Even though I only have an autism diagnosis right now, and am awaiting an ADHD assessment, both my therapists and my GP seem convinced I have ADHD, and that it's the ADHD that's causing most of my problems in life rather than my autism. They keep saying things will get better once I get the ADHD diagnosis and can look at having ADHD-specific therapy, but I feel like having autism and ADHD is like a cursed combo :(
I don't know about you, but for me, it feels like I'm constantly being torn in two different directions, and it feels like I'm gonna be ripped apart >.< There's just never any peace in my head because if the autistic part is happy, the ADHD part is pissed off, and vice versa :( It's like, I don't know how to unite those parts of me, and without some sort of balance, it's just constant chaos that's eventually gonna kill me.
So yeah, I'm sorry that you've had to struggle with that combo and that it's made life difficult for you too :(
For the first time in my life, I had a therapist almost validate my suicidal ideation by saying that it technically is logical to want to die if you're in pain all the time. Him saying that made me feel the tiniest bit better because at least it was like he was trying to understand, unlike most therapists who just start giving me the talk about how I must take myself to A&E, call up emergency lines, etc.
I understand why they have to do that cos it's just part of their job, but it is frustrating to be told it constantly because if I am ever gonna attempt something like that again in my life, I won't be talking to anyone about it because I won't want someone to stop me >.< I've always tried to explain that if I am actually talking about it, it means I'm not right on the edge yet, and that I'm trying to get help x3 It's when I stop talking about it that things go downhill fast.
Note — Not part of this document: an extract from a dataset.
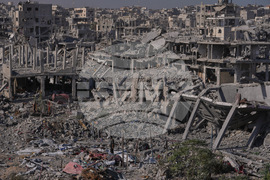 Destroyed buildings in the Gaza Strip are seen from a southern Israel location on Saturday, Oct. 11, 2025, as part of the preparations surrounding the expected release of hostages under the agreement between Hamas and Israel to pause the war and free the remaining captives. (AP Photo/Ohad Zwigenberg)

Anyways, I'm glad that you're still here and fighting :3 I also wonder how much longer I will manage to last >.< I guess all we can do is take things day by day!
I can totally understand that looking forward to things coming out is something that keeps you going because video games, books, and films used to help me in that way too :3 It's just, somewhere along the line, I lost my ability to truly look forward to stuff and completely stopped paying attention to updates and announcements for things >.< I don't really know exactly why or how, but it's like I can't get excited for upcoming releases anymore even if it's something I might be interested in.
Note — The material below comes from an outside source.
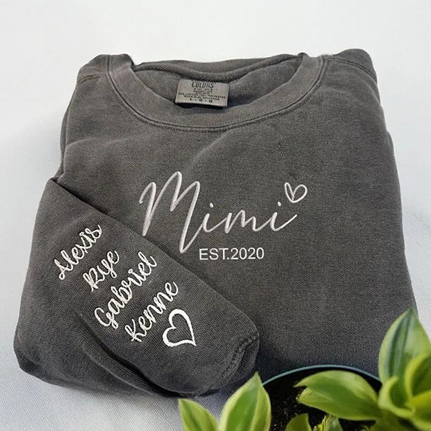 Personalized Embroidered Grandma Sweatshirt with Kids Names on Sleeve For Mom Grandma Mother's Day Gift Ideas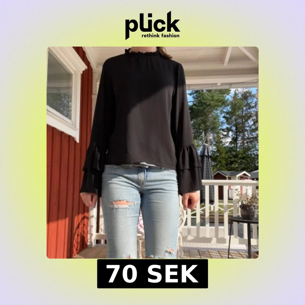Supersnygg svart blus från Gina Tricot i storlek 34. Blusen har långa ärmar med dubbla volanger och en liten volangkant vid halsen. Rak passform och lätt, flowigt material som känns skönt mot huden. Perfekt för dig som gillar stilrena men ändå unika detaljer. Fick den av en kompis fast själv har jag aldrig använt!!💘 tveka inte att fråga saker!!

I remember that looking forward to new games and stuff really helped me to keep going when I was younger though! Heck, I still think I wouldn't have even made it through secondary school if it wasn't for Final Fantasy X >.<
I'm sorry that I'm not really a stable enough of a person to be able to help by having more regular updates and things :( I wish I could. Cos it really does mean a lot that you like DD. I just wish I could be the kind of person who is stronger, more resilient, more productive etc. instead, I am quite useless a lot of the time >.< It's like I am able to function for some of the year, and not able to function for most of it.
I'd like to be able to finish DD before I croak, and you say you'd like to play it before you croak... so I guess let's both try our best not to croak anytime soon!!! We've gotta hang on, damn it x3
Seriously, though, just thank you for being you :3 And sorry again for inflicting such a huge wall of text on you >.< I'm just extra fragile and messed up at the moment, and I think the Amitriptyline that my GP put me on for my headaches is also making everything much worse in terms of brain functioning >.<
I really hope that you're able to find lots of things to look forward to that help you to keep going at least :3 Cos as bleak as it can be, the world is certainly full of amazing stuff... it's just hard to find/see it sometimes!!